TASK DETAILS: Leaving out only the pictures, write out all the entries exactly.

:: DATA FOR ANALYSIS

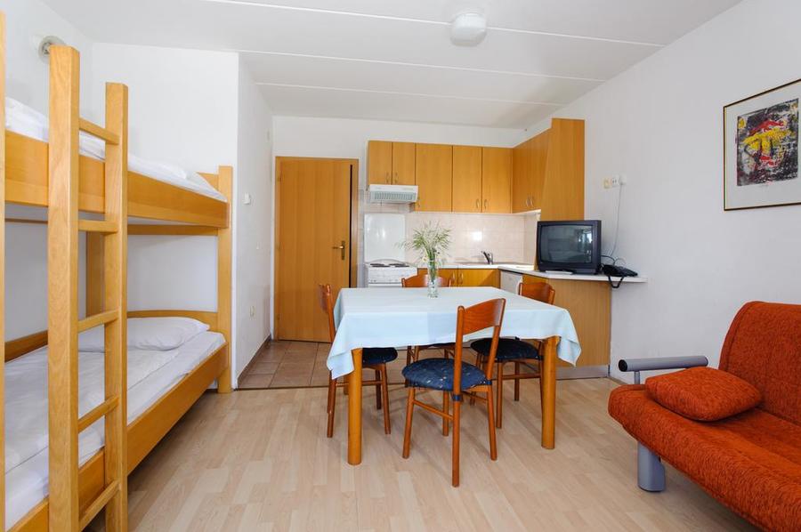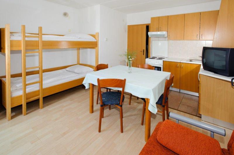 Bungalovy (studia) mají TV, telefon, vlastní koupelnu (WC, sprchový kout), kuchyňská linka, jídelní stůl, pohovka a poschoďová postel.
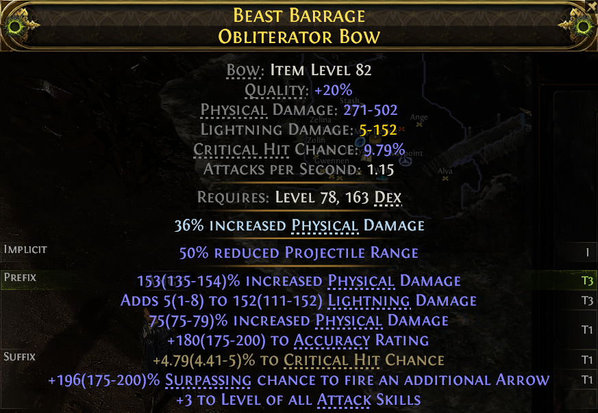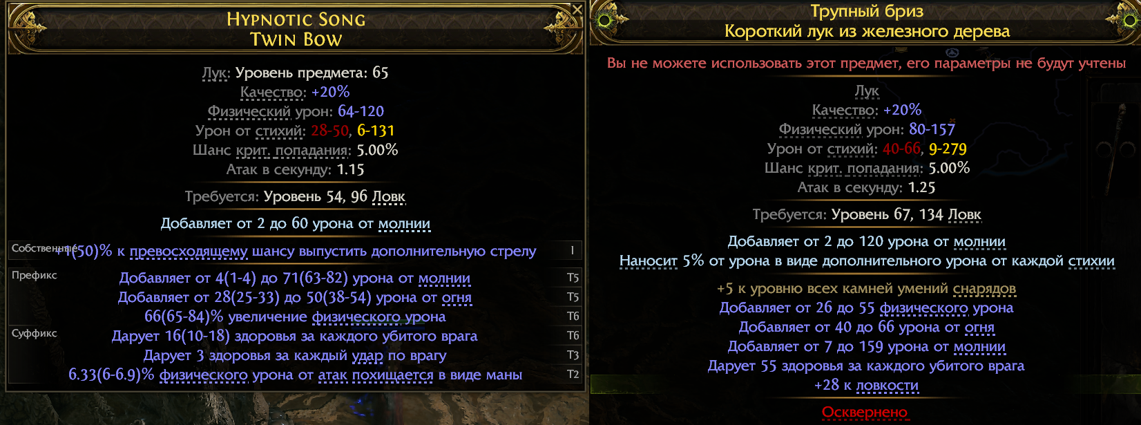Я сделол. Ебать, конечно, небо и земля моей помойной прошлой пушкой на 450 дпс. Здесь вроде ничего не поменялось, но как же решают 3 стрелы. В производство где-то 200 див въебал. Когда все уже было почти готово (с 4мя аффиксами) - экзальт слэм в префиксы дал ебучую аккураси. Пришлось по 17 див покупать омены. Была вероятность соснуть канеш. Но все сложилось. Хз правда что теперь делать с этим луком. Поидее такие на маркете по 400-450 стоят. Но я сбегал пару мапок - и мне очень понравилось. Шкварит так, что мама не горюй.
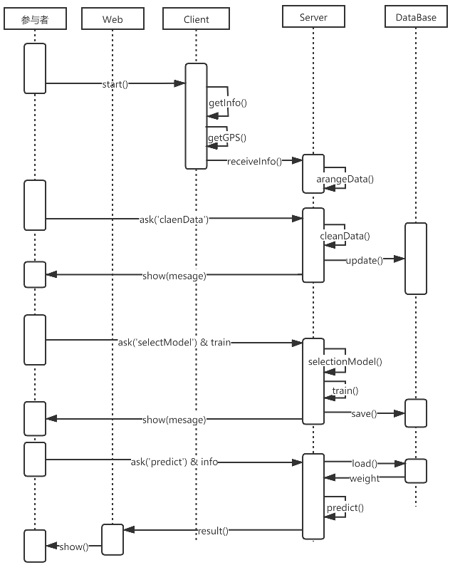 该项目采用客户-服务模式的架构风格,由手机终端、pc端、服务器端和多个蓝牙节点组成,在手机终端个服务器全采用C/S架构,具有安全的存取模式、网络通信量低、响应速度快、利于处理大量数据等优点,而pc端与服务器端采用B/S架构,pc端将推理结果可视化,所以使用B/S架构开发简单,共享性强。客户-服务模式的架构风格具有典型的模块化特征、降低了系统中客户和服务构件之间的耦合度,提高服务构件的可重用性。
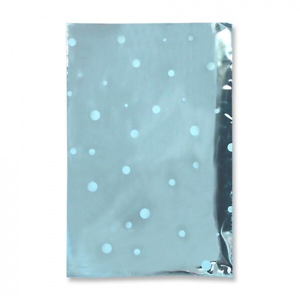Пакет подарочный фольга металл с белым рисунком 10*15 см "Горох" 100 шт/уп
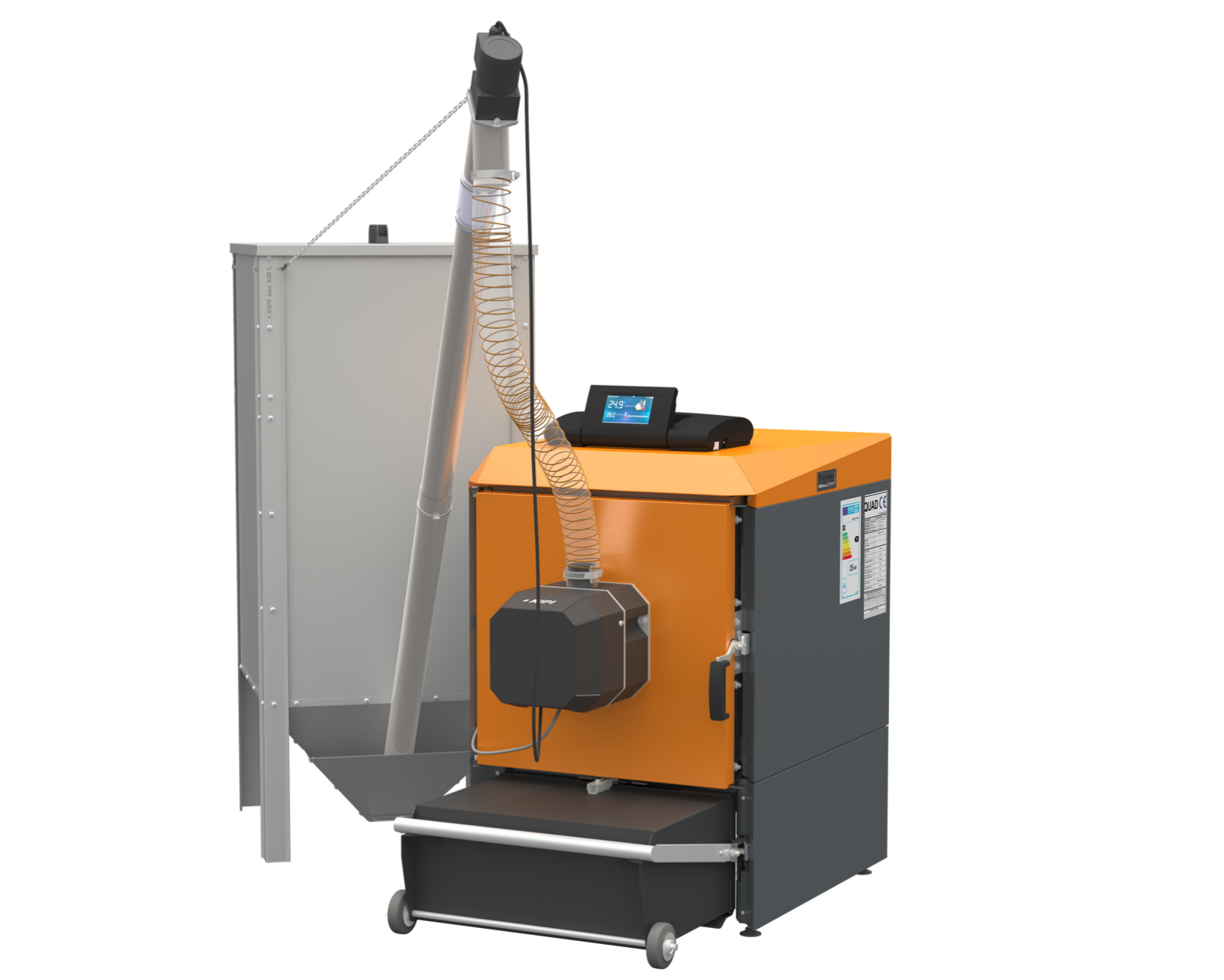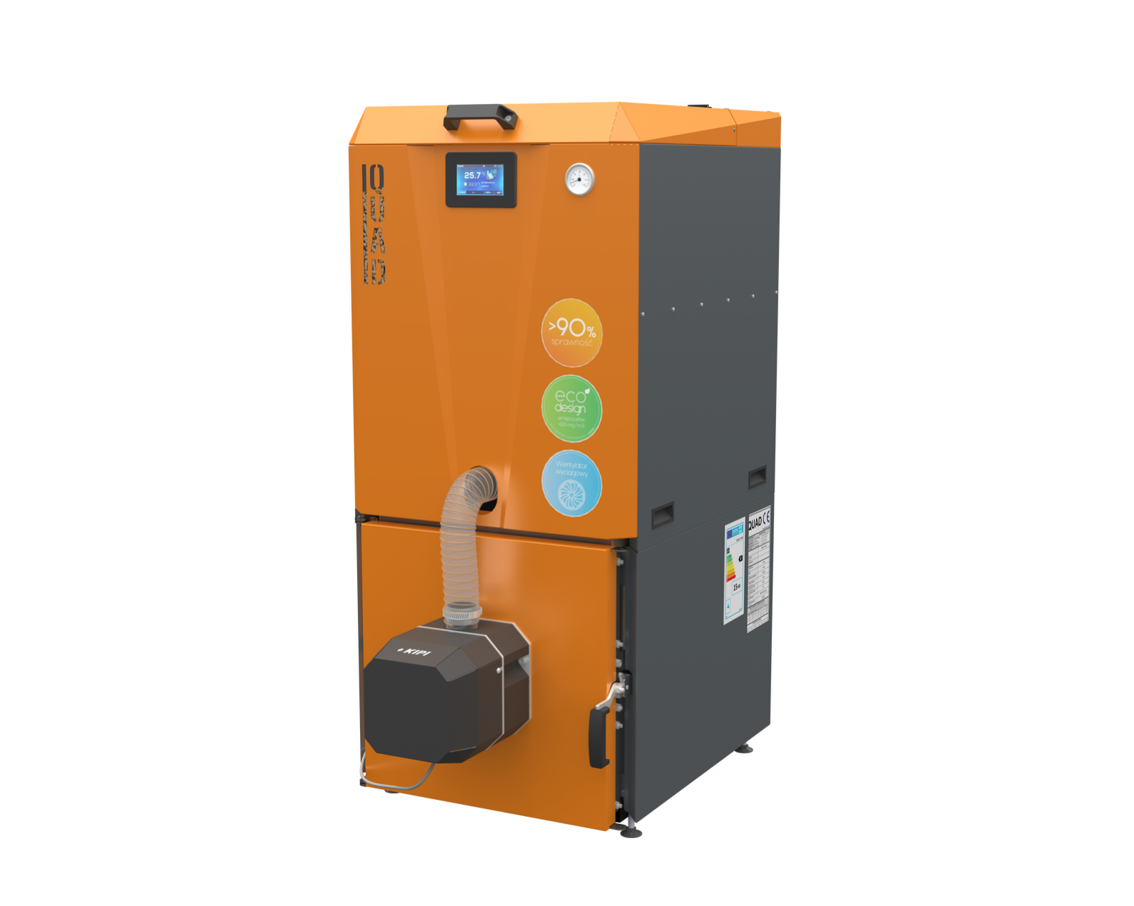 Kocioł Quad z palnikiem KIPI 10-300kW – Inteligentne rozwiązanie do ogrzewania pelletem, ziarnami zbóż, kukurydzą, pestkami owoców, z mozliwością mieszania paliw sypkich. Idealne rozwiązanie do ogrzewania domu i większych budynków od 100-3000m2 powierzchni grzewczej. Inteligentne sterowanie przez smartfon – pełna automatyka czyszczenia. Wysokie dotacje w ramach programu Czyste Powietrze.

::::

TASK RESULT:
 Bungalovy (studia) mají TV, telefon, vlastní koupelnu (WC, sprchový kout), kuchyňská linka, jídelní stůl, pohovka a poschoďová postel.
Я сделол. Ебать, конечно, небо и земля моей помойной прошлой пушкой на 450 дпс. Здесь вроде ничего не поменялось, но как же решают 3 стрелы. В производство где-то 200 див въебал. Когда все уже было почти готово (с 4мя аффиксами) - экзальт слэм в префиксы дал ебучую аккураси. Пришлось по 17 див покупать омены. Была вероятность соснуть канеш. Но все сложилось. Хз правда что теперь делать с этим луком. Поидее такие на маркете по 400-450 стоят. Но я сбегал пару мапок - и мне очень понравилось. Шкварит так, что мама не горюй.
 该项目采用客户-服务模式的架构风格,由手机终端、pc端、服务器端和多个蓝牙节点组成,在手机终端个服务器全采用C/S架构,具有安全的存取模式、网络通信量低、响应速度快、利于处理大量数据等优点,而pc端与服务器端采用B/S架构,pc端将推理结果可视化,所以使用B/S架构开发简单,共享性强。客户-服务模式的架构风格具有典型的模块化特征、降低了系统中客户和服务构件之间的耦合度,提高服务构件的可重用性。
Пакет подарочный фольга металл с белым рисунком 10*15 см "Горох" 100 шт/уп
 Kocioł Quad z palnikiem KIPI 10-300kW – Inteligentne rozwiązanie do ogrzewania pelletem, ziarnami zbóż, kukurydzą, pestkami owoców, z mozliwością mieszania paliw sypkich. Idealne rozwiązanie do ogrzewania domu i większych budynków od 100-3000m2 powierzchni grzewczej. Inteligentne sterowanie przez smartfon – pełna automatyka czyszczenia. Wysokie dotacje w ramach programu Czyste Powietrze.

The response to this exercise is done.